Vidisha district (/hi/) is in Madhya Pradesh state, in central India. The city of Vidisha is the administrative headquarters of the district.

==Geography==
The district is bounded by the districts of Ashoknagar to the northeast, Sagar to the east, Raisen to the south, Bhopal to the southwest, and Guna to the northwest.

Vidisha district lies on the Vindhyachal Plateau off the main Vindhyachal Range. The plateau slopes from south to north and is drained by a number of rivers – the Betwa, the Bina and the Sindh. These rivers flow between spur flanges of the Vindhyachal Range, that spread out on the Malwa Plateau.

The district lies between 23^{0} 20’ and 24^{0} 22' north latitudes, and 77^{0}16’ and 78^{0}18’ east longitudes. It covers an area of 7,371 km^{2}.
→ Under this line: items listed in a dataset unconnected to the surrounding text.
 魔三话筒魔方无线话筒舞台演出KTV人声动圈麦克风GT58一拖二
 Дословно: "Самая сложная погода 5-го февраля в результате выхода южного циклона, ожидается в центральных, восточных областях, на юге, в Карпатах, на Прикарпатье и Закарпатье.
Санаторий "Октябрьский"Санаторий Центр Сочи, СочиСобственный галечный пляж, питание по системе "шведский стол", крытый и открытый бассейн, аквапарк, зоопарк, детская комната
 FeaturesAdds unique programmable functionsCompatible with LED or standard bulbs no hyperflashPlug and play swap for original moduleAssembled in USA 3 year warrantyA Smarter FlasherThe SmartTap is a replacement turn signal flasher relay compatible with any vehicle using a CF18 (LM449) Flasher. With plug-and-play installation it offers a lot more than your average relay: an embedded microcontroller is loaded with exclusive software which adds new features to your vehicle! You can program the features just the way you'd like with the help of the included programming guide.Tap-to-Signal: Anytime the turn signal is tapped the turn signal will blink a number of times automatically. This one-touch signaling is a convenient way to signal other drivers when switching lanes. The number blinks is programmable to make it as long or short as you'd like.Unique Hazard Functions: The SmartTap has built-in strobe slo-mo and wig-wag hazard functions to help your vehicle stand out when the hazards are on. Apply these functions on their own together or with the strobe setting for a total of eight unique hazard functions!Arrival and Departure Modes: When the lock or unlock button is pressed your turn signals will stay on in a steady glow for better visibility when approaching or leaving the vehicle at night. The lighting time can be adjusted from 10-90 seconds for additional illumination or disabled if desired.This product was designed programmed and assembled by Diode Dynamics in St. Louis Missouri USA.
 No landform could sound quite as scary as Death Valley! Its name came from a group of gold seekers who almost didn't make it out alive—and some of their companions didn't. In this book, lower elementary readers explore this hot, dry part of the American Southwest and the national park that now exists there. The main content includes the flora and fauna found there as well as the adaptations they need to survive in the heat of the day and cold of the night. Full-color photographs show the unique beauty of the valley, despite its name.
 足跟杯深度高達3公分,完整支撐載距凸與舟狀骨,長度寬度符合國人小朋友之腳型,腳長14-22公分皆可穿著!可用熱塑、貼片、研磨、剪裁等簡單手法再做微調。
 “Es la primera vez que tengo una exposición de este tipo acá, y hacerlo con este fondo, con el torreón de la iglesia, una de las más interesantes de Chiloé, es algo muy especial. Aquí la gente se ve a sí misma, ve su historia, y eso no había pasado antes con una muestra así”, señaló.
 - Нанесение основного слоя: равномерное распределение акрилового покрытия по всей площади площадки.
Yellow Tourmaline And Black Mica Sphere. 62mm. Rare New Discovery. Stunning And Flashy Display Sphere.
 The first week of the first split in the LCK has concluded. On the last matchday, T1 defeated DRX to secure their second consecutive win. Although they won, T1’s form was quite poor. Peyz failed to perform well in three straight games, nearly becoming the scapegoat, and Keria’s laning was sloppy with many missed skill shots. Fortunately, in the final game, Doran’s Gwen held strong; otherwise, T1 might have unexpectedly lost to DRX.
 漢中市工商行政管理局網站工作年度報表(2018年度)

The district is home to the historic city of Besnagar and the Buddhist stupa at Sanchi.

==History==
Vidisha was the second capital of the Shunga Empire during the later years. The district was created as "Bhilsa District" in 1904 by joining the tehsils of Vidisha (also known as Bhilsa) and Basoda, but not Basoda State, which were then part of Gwalior state. After India's independence in 1947, the former princely state of Gwalior became part of Madhya Bharat state, which was formed in 1948. The Bhilsa District was enlarged in 1949 by the addition of the small princely state of Kurwai State. The district took its present form in 1956, when Madhya Bharat state, Bhopal State, and the tehsil of Sironj, then part of Rajasthan state and previously part of the princely state of Tonk, were both merged into Madhya Pradesh state. Sironj tehsil and the small pargana of Piklone from Bhopal state were merged into Vidisha District.

==Demographics==

According to the 2011 census Vidisha District has a population of 1,458,875, roughly equal to the nation of Eswatini or the US state of Hawaii. This gives it a ranking of 341st in India (out of a total of 640). The district has a population density of 198 PD/sqkm . Its population growth rate over the decade 2001-2011 was 20.03%. Vidisha has a sex ratio of 897 females for every 1,000 males, and a literacy rate of 72.08%. 23.28% of the population live in urban areas. Scheduled Castes and Scheduled Tribes make up 20.03% and 4.63% of the population respectively.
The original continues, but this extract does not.